Playing with hydrogen at sea demands bulletproof safety. Hycamite’s setup features double-walled reactors, automated pressure relief valves and nonstop process monitoring. The reactor’s oxygen-free zone keeps flammables at bay, and DNV’s exhaustive risk assessment gave it a seal of approval. With this DNV Approval in the logbook, Hycamite is gearing up for type approval and full-class certification—opening the door to commercial rollouts worldwide.

 

Who’s steering the ship?

Hycamite TCD Technologies sprang from Finland’s top research institutes, amassing a suite of patents around methane splitting. Their Kokkola CSF proves continuous, reliable hydrogen and carbon output at scale. On the flip side, DNV—the venerable Norwegian classification society—brings a century of maritime safety expertise, assessing risk, ensuring compliance and fast-tracking innovative tech through its AIP process.

 

Why operators should be excited

Shipowners and operators stand to gain big time:

 

  • Immediate emissions cutsonboard hydrogen production emits zero CO₂ at point of use, helping you hit IMO and EU targets.
  • Competitive costs – producing H₂ on deck for roughly $2–3/kg using stranded LNG feedstock undercuts delivered liquid hydrogen prices.
  • Additional revenue – turn the solid carbon byproduct into cash by selling to battery, steel or composite makers.
  • Compliance and credits – pre-combustion carbon capture aligns with emerging carbon markets, unlocking tradable credits.
  • Negative carbon potential – swap in biomethane feedstock and you lock away CO₂, making your vessel a floating carbon sink.
  • Retrofit-ready design – modular units slot into a range of ship types, from small chemical tankers to giant container vessels.
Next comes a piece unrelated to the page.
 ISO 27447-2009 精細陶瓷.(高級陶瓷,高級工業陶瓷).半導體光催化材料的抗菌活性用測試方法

Looking ahead, Hycamite plans to roll out over 50 shipboard modules by 2030. Partnerships with major engine builders and leading shipyards mean the first retrofits could hit the water in as little as two years—exactly the pace maritime decarbonization needs.

 

What could this mean for global shipping?
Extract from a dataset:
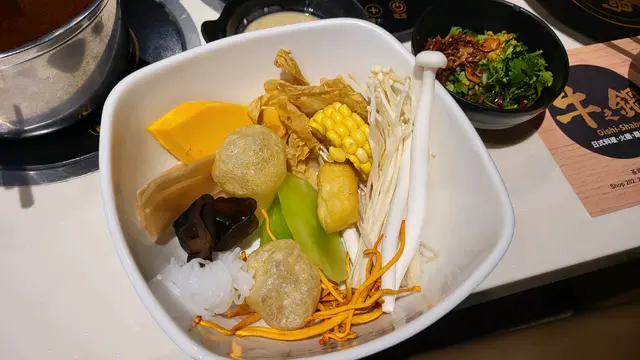 除咗頭先所講嘅肉類之外,呢度仲有一個大雪櫃比客人揀一啲蔬菜、菇菌類、豆類,麵食等材料。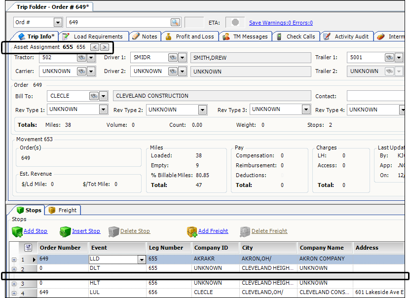 To see details for a split trip, look it up in the Trip Folder. Order 649 is shown below. Our sample trip is divided into two trip segments. You can use the arrow buttons in the Asset Assignment section to toggle between these trip segments. The number of the selected trip segment appears in bold, and the associated trip segment information appears in the Trip Info tab.

Imagine a container vessel crossing the Pacific, generating its own hydrogen each voyage, then offloading its solid carbon byproduct at port as a valuable commodity. A fleet-wide rollout could eliminate millions of tonnes of CO₂ from maritime operations annually. Ports would transform from simple bunkering stops into vibrant carbon-material trading hubs—linking seaborne trade directly to onshore decarbonization efforts.

 

Setting sail towards a greener future

This DNV Approval in Principle isn’t just a technical nod—it’s a signal that pre-combustion carbon capture via methane splitting has matured. With LNG bunkering networks already sprawled across key trade routes, operators can start onboard hydrogen production without waiting on specialized infrastructure. As IMO regulations tighten and shipowners hunt for cost-effective decarbonization routes, Hycamite’s solution is poised to become the standard for next-generation propulsion.

So, what’s next? Keep your eyes peeled for those first Hycamite retrofits and purpose-built newbuilds. If they deliver on their promise, we’ll likely see a wave of cleaner vessels charting greener courses—proof that the voyage to net-zero shipping is already underway.